• [WORK ITEM]
Would you restate the listing word for word, with the images omitted?

• [TASK MATERIAL]

>>>

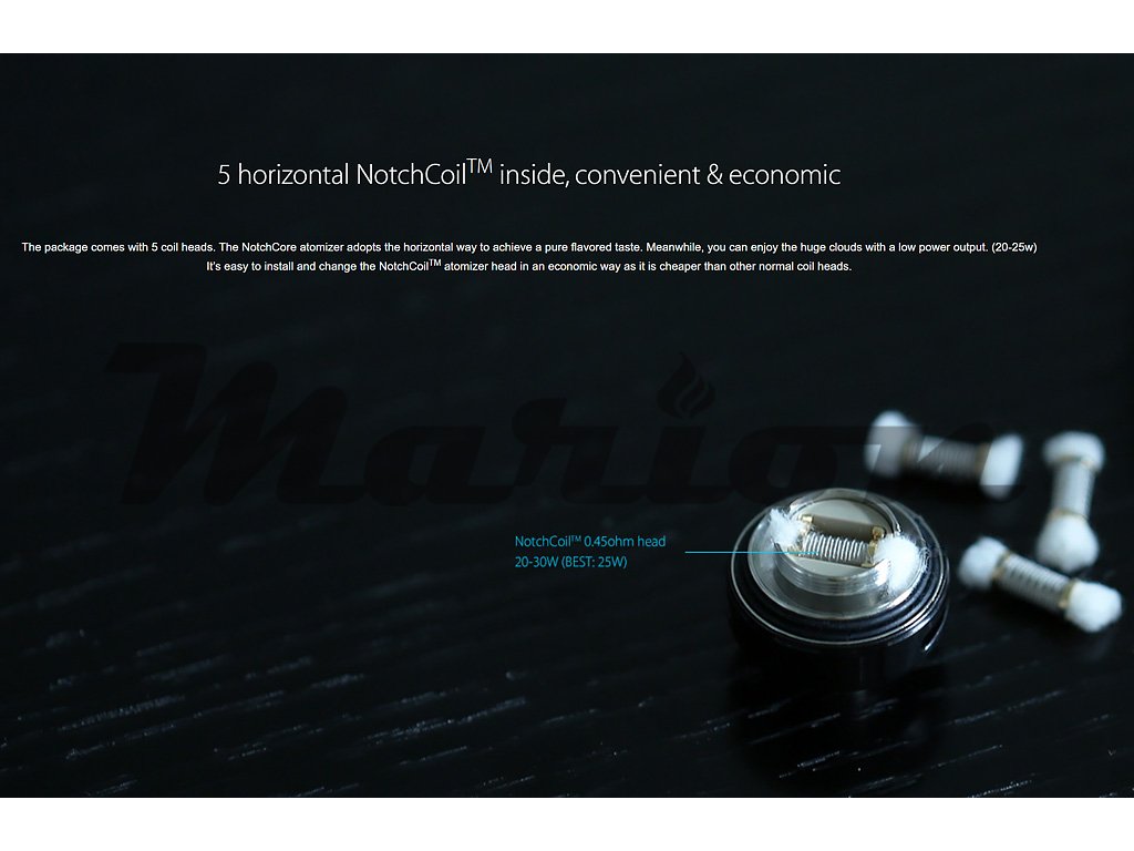 Náhradní žhavící spirálka Joyetech NotchCoil s velkou plochou pro odpařování e-liquidu, určená pro přímé potahování do plic (DL). Kompatibilní s Clearomizéry Joyetech NotchCore aj. Celkový odpor 0,45ohm, doporučený výkon 20-30W.
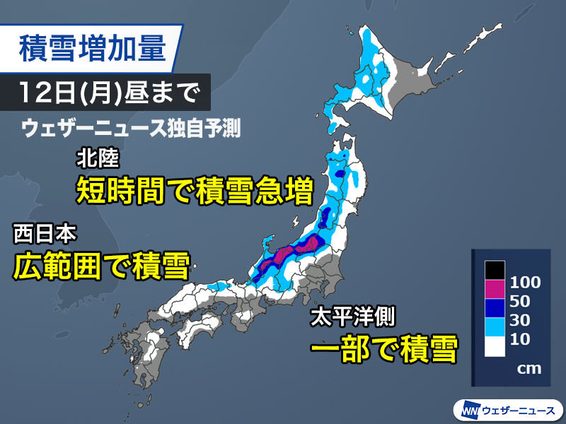 西日本でも内陸部を中心に最大で10cm程度の積雪が予想されます。寒気が強いため発達した雪雲の一部は太平洋側まで拡大し、仙台平野や濃尾平野などでも雪の積もる所がある見込みです。
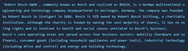 For a test porpose, I placed a short description about Robert Bosch GmbH from wikipedia:
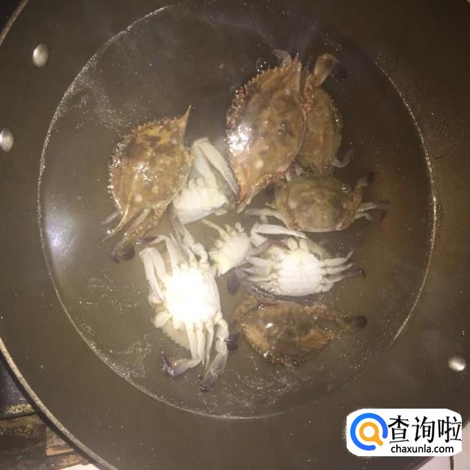 然后把烫好的螃蟹也一起倒入锅中。
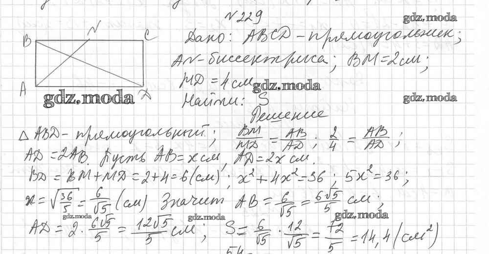ОТВЕТ на задание № 229 Дидактические материалы по Геометрии 8 класс Мерзляк Алгоритм успеха
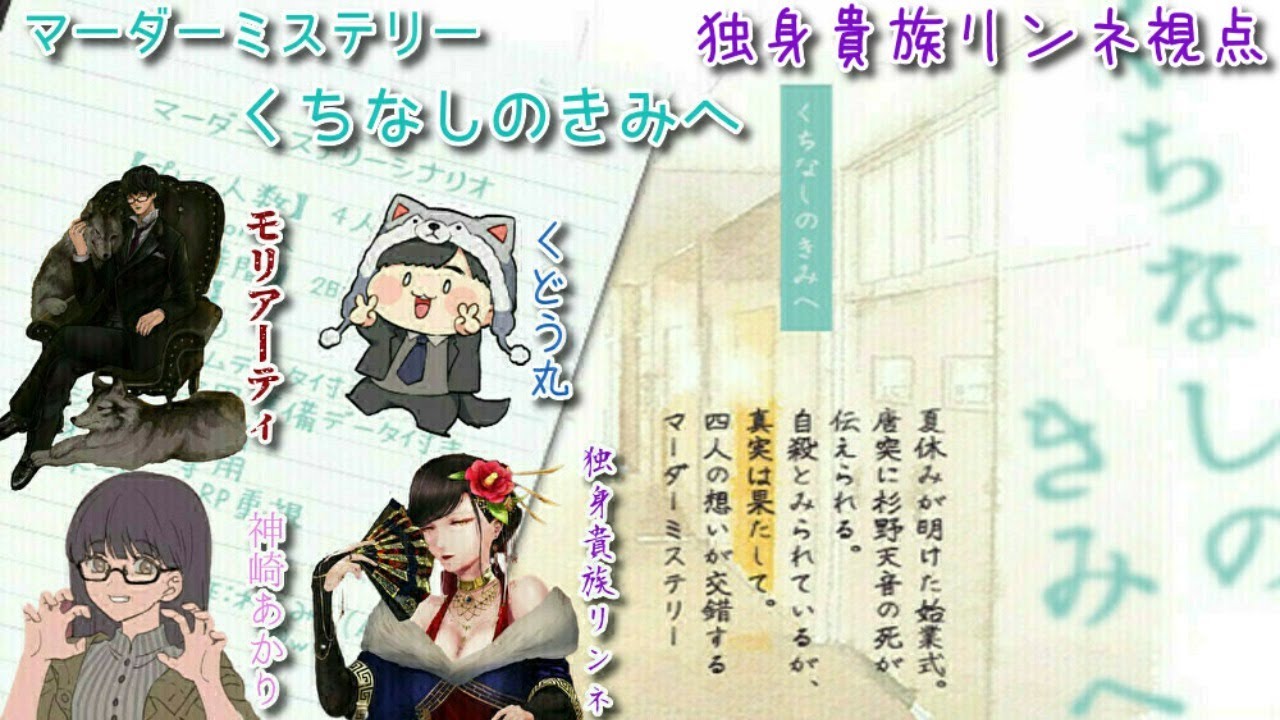 独身の道は覇道の道ぞ マーダーミステリー 皆で紡ぐ物語ー。※物語に関する投稿は固く禁じられている故、感想をSNSに載せる際には厳重注意が必要だ。 気をつけるのじゃぞ。『くちなしのきみへ』 販売先URL作者わたみ殿 ゲーム配信人狼君は彼方独身貴族リンネ

<<<

• [ANSWER SPACE]
 Náhradní žhavící spirálka Joyetech NotchCoil s velkou plochou pro odpařování e-liquidu, určená pro přímé potahování do plic (DL). Kompatibilní s Clearomizéry Joyetech NotchCore aj. Celkový odpor 0,45ohm, doporučený výkon 20-30W.
 西日本でも内陸部を中心に最大で10cm程度の積雪が予想されます。寒気が強いため発達した雪雲の一部は太平洋側まで拡大し、仙台平野や濃尾平野などでも雪の積もる所がある見込みです。
 For a test porpose, I placed a short description about Robert Bosch GmbH from wikipedia:
 然后把烫好的螃蟹也一起倒入锅中。
ОТВЕТ на задание № 229 Дидактические материалы по Геометрии 8 класс Мерзляк Алгоритм успеха
 独身の道は覇道の道ぞ マーダーミステリー 皆で紡ぐ物語ー。※物語に関する投稿は固く禁じられている故、感想をSNSに載せる際には厳重注意が必要だ。 気をつけるのじゃぞ。『くちなしのきみへ』 販売先URL作者わたみ殿 ゲーム配信人狼君は彼方独身貴族リンネ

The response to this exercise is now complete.